==== Listed entries ====

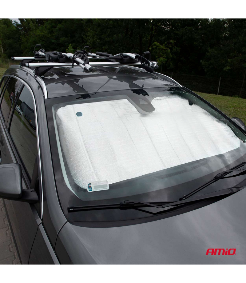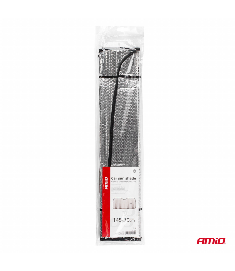 Osłona na szybę 145x70cm przeciwsłoneczna przeciwszronowa AMIO-01532 Powlekana aluminium mata na szybę samochodową! Doskonale sprawdzi się jako ochrona przed słońcem podczas upalnych dni jak również pogromca szronu podczas silnych mrozów! Na mroźne dni Osłona antyszronowa znakomicie chroni szybę Twojego samochodu przed skutkami mroźnej aury takimi jak śnieg, lód...
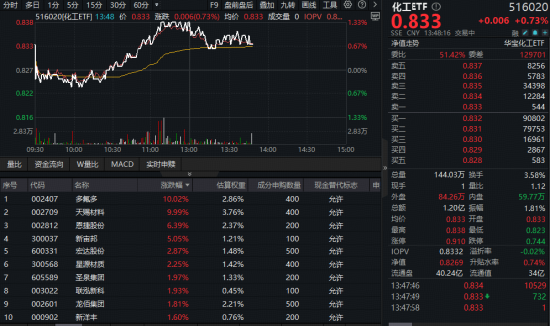 化工板块今日(12月23日)继续猛攻,反映化工板块整体走势的化工ETF(516020)早盘低位震荡后突然拉升,盘中场内价格最高涨幅达到 1.33%,截至发稿,涨0.73%。 成份股方面,氟化工、锂电等板块部分个股涨幅居前。截至发稿,多氟多、天赐材料双双涨停,恩捷股份大涨超6%,新宙邦涨超5%,宏达股 份、星源材质涨超2%。 | 分时 多日 1分 5分 | | | 15分 30分 ୧୦સ | | | F9 盘前盘后 叠加 九转 画线 工具 & 2 > | | | | CD | 516020 | | --- | --- | --- | --- | --- | --- | --- | --- | --- | --- | --- | --- | | 0.838 | | | 13:48 6 0.833 | ANNA | * 0.006(0.73%) 均价 0.833 成交量 0 IOPV 0.8. | | | | (0): 3 3 SSE CNY 13:48:16 交易中 | | +0.006 +0.73% 中 / @ + | | 0:833 | | | | | | | | 0.6798 | 净值走势 | | 华宝化工 ...
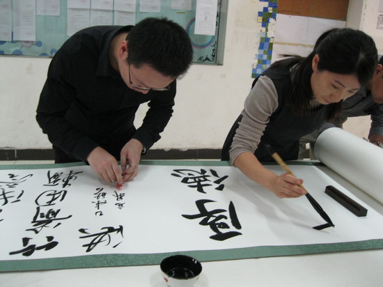 为纪念中国人民抗战胜利暨世界反法西斯战争胜利70周年、联合国教科文组织成立70周年,并倡导和平、展望和谐友好之愿景,由北京市人民对外友好协会、北京市民间组织国际交流协会与中国世界和平基金会共同主办,北京书法学校策划的“翰墨和平”国际友人书画交流活动,于近日走进sunbet申搏工艺美术系书法专业。
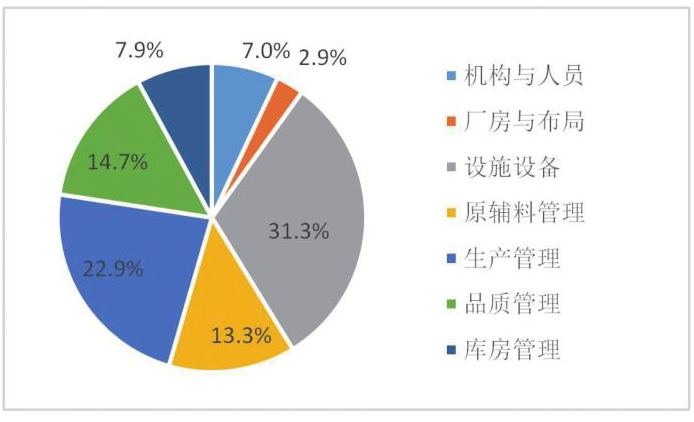 现场核查涉及的不合格关键项共计22条,主要涉及设备设施、生产管理和品质管理等方。
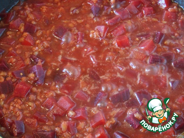Готовить, пока перловка не будет готова и пока свекла не будет мягкой. Если весь бульон закончится, то можно добавить немного воды. Когда все готово, добавить кинзу и лимонный сок. Все перемешать и проверить на специи.
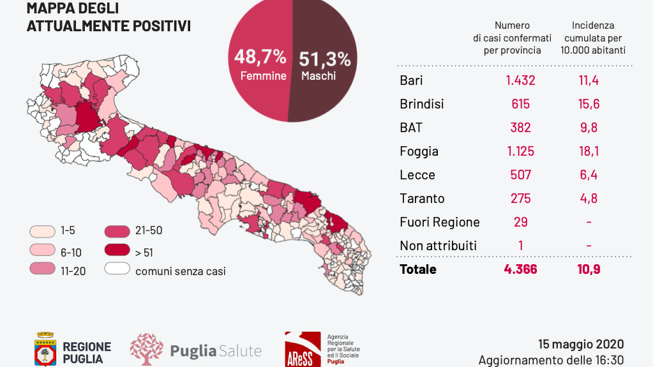 Quindi, i casi totali riscontrati in Regione dall’inizio dell’emergenza sono 4.366 (su 87.687 tamponi), così suddividi:
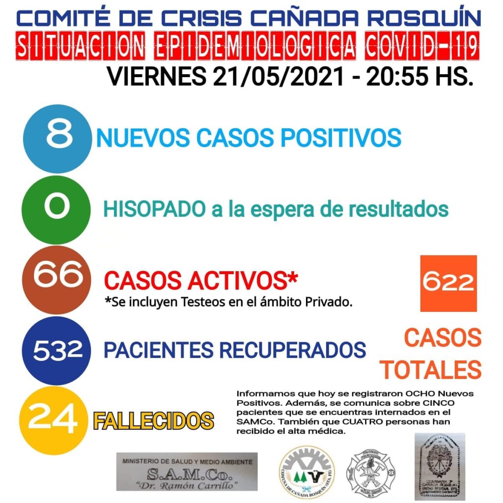 Este viernes Cañada Rosquín reportó 8 nuevos positivos

====

Please output, exactly and with no pictures, only the lines from the one containing "Quindi, i casi" through the final line of the records above.

 Quindi, i casi totali riscontrati in Regione dall’inizio dell’emergenza sono 4.366 (su 87.687 tamponi), così suddividi:
 Este viernes Cañada Rosquín reportó 8 nuevos positivos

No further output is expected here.